PROVIDED DATA –
-=-=-

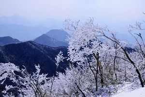 过杏梅坞,继续向上,树丛越来越密,大有林海雪原的感觉。树枝上覆盖着晶莹剔透的霜雪,近观玉树凌空,琼花烂漫;远望,白茫茫一片,仿佛上一秒还是漫天飞雪。
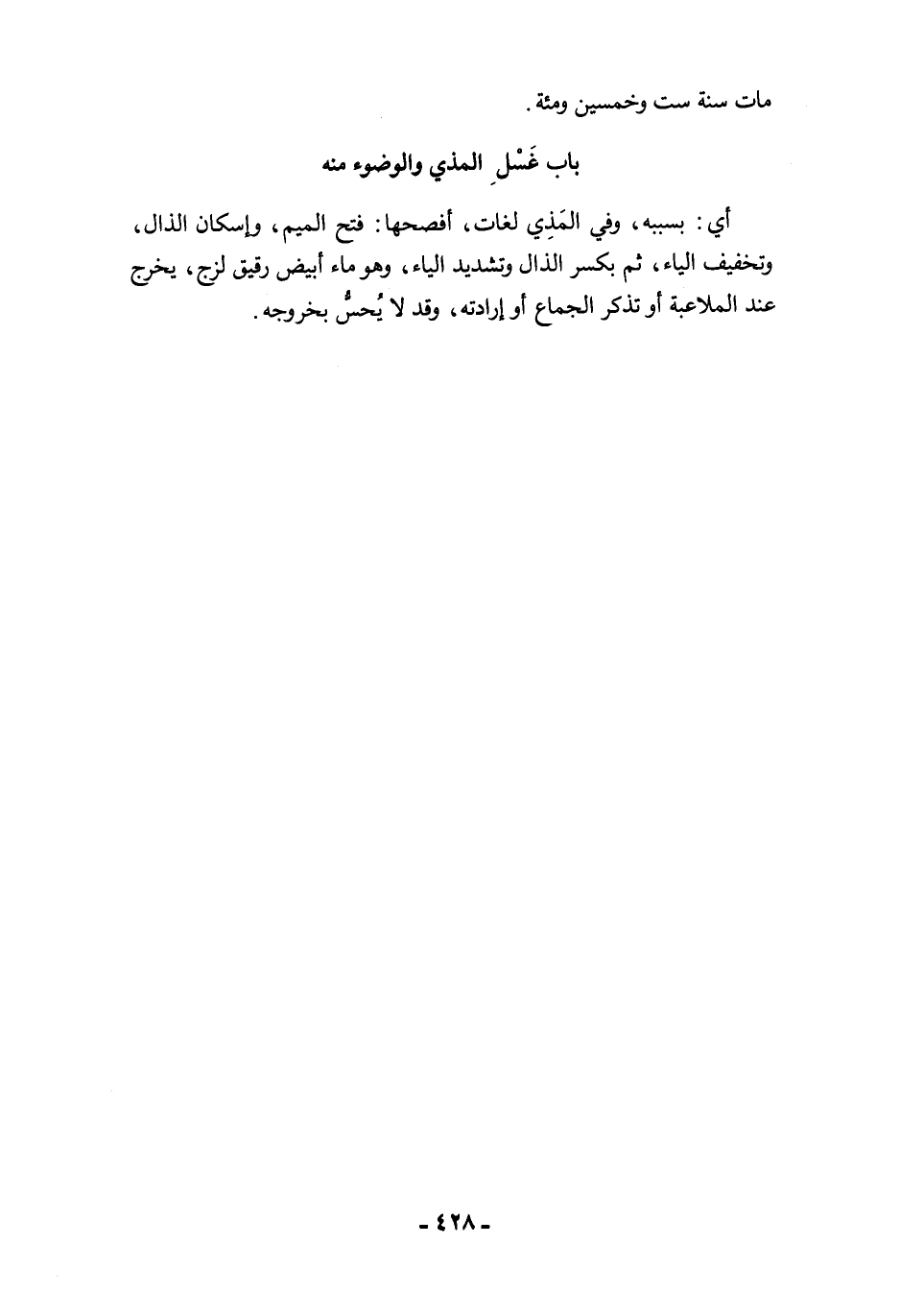 أي: بسببه، وفي المَذِي لغات، أفصحها: فتح الميم، وإسكان الذال، وتخفيف الياء، ثم بكسر الذال وتشديد الياء، وهو ماء أبيض رقيق لزج، يخرج عند الملاعبة أو تذكر الجماع أو إرادته، وقد لا يُحسُّ بخروجه.
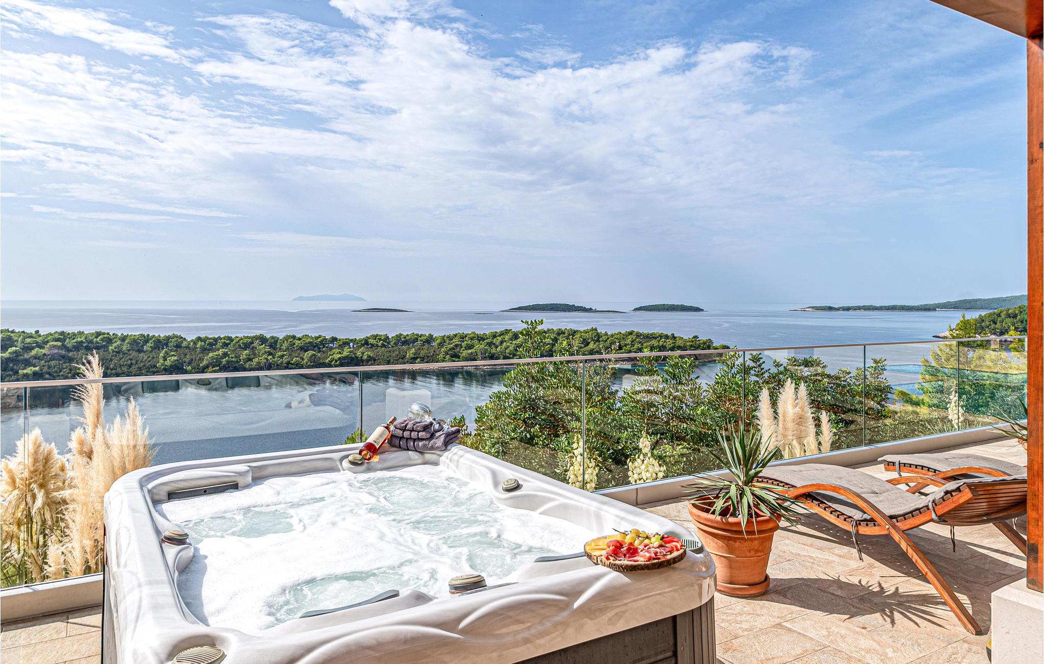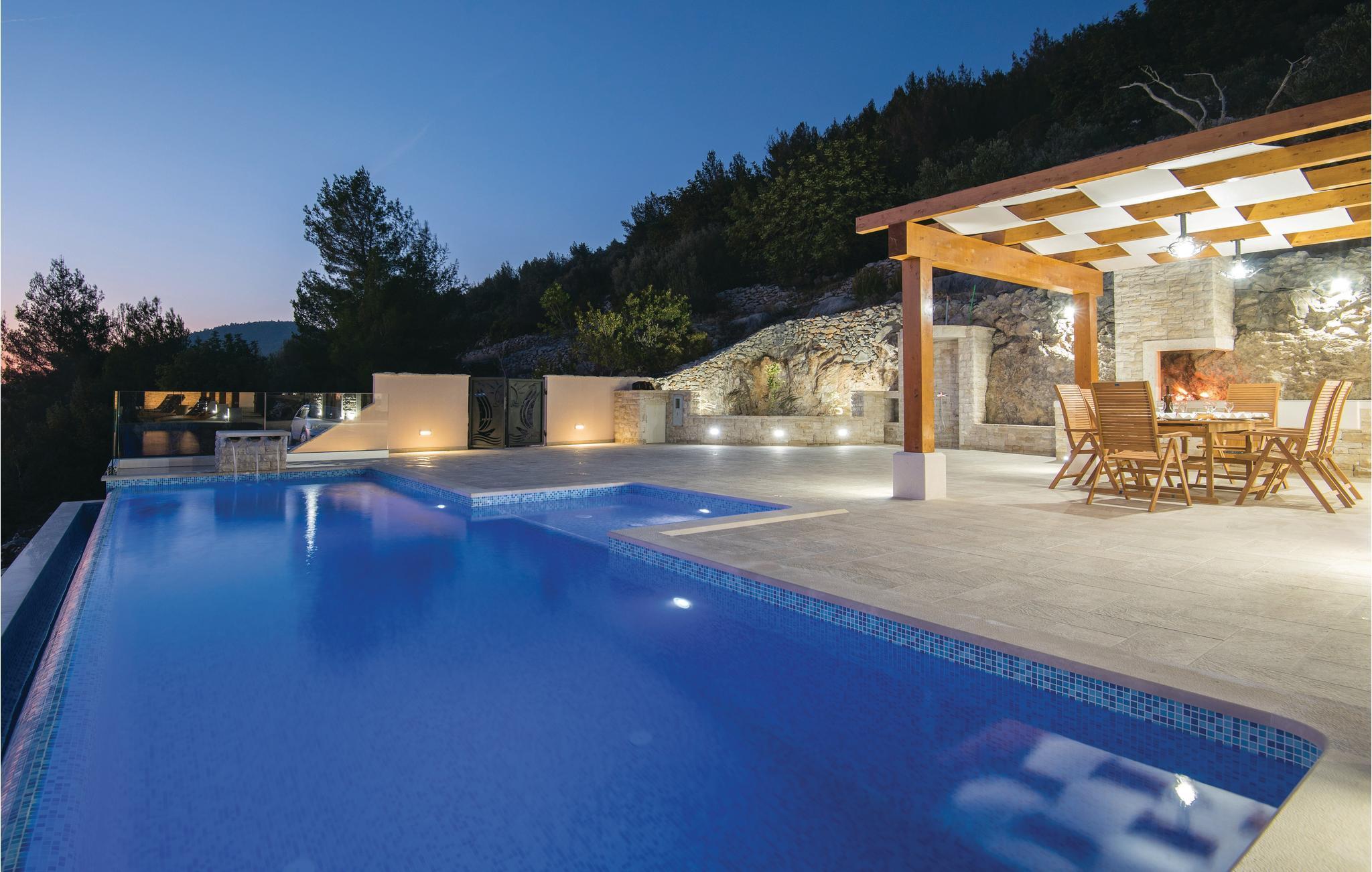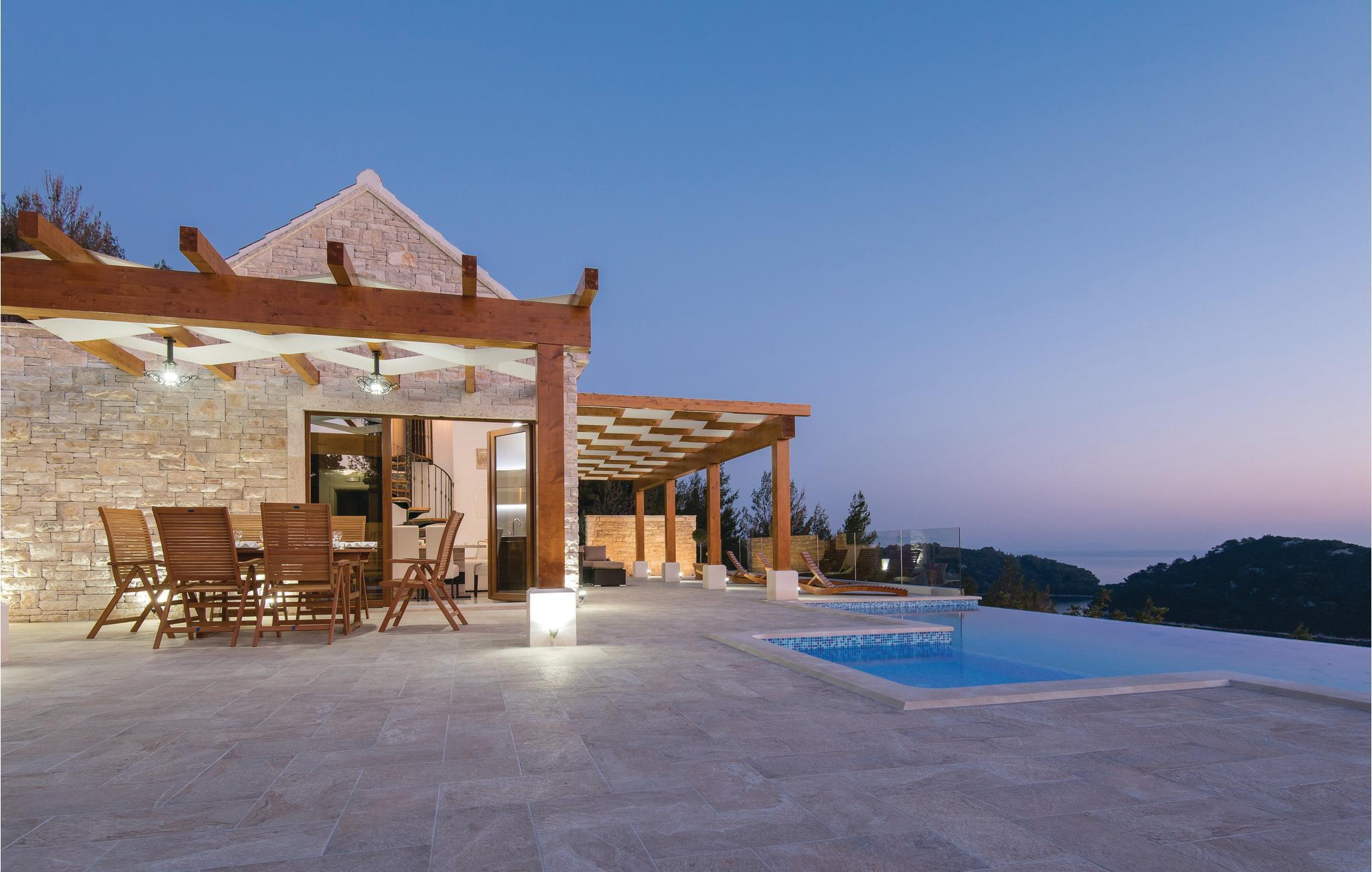 På en bakketop over den skønne Karbunibugt ligger dette feriehus. Det er omgivet af en skøn og uberørt natur og herfra er der en skøn panoramaudsigt over havet og naboøerne. Huset er indrettet meget moderne og rustikt i en charmerende blanding. I stueplan ligger køkkenet i åben forbindelse med køkkenet og et soveværelse med badeværelse en suite. Der er også et soveværelse og et badeværelse i et galleri, som I kommer op til ad en vindeltrappe. I haven ligger den rummelige terrasse og en pool med en børneafdeling. Udforsk byen på dagsture til de nærliggende byer Vela Luka, Blato og Prigradica hvor I kan lære de lokale skikke at kende og lære mere om området interessante kultur og historie. De sidste 500 m op til huset er en grusvej, der ikke er egnet til lave biler. De sidste 150 meter er med fliser.

-=-=-

Retype exactly. Include each line from the start of the material through the line holding "أي: بسببه، وفي", and leave the pictures out.

 过杏梅坞,继续向上,树丛越来越密,大有林海雪原的感觉。树枝上覆盖着晶莹剔透的霜雪,近观玉树凌空,琼花烂漫;远望,白茫茫一片,仿佛上一秒还是漫天飞雪。
 أي: بسببه، وفي المَذِي لغات، أفصحها: فتح الميم، وإسكان الذال، وتخفيف الياء، ثم بكسر الذال وتشديد الياء، وهو ماء أبيض رقيق لزج، يخرج عند الملاعبة أو تذكر الجماع أو إرادته، وقد لا يُحسُّ بخروجه.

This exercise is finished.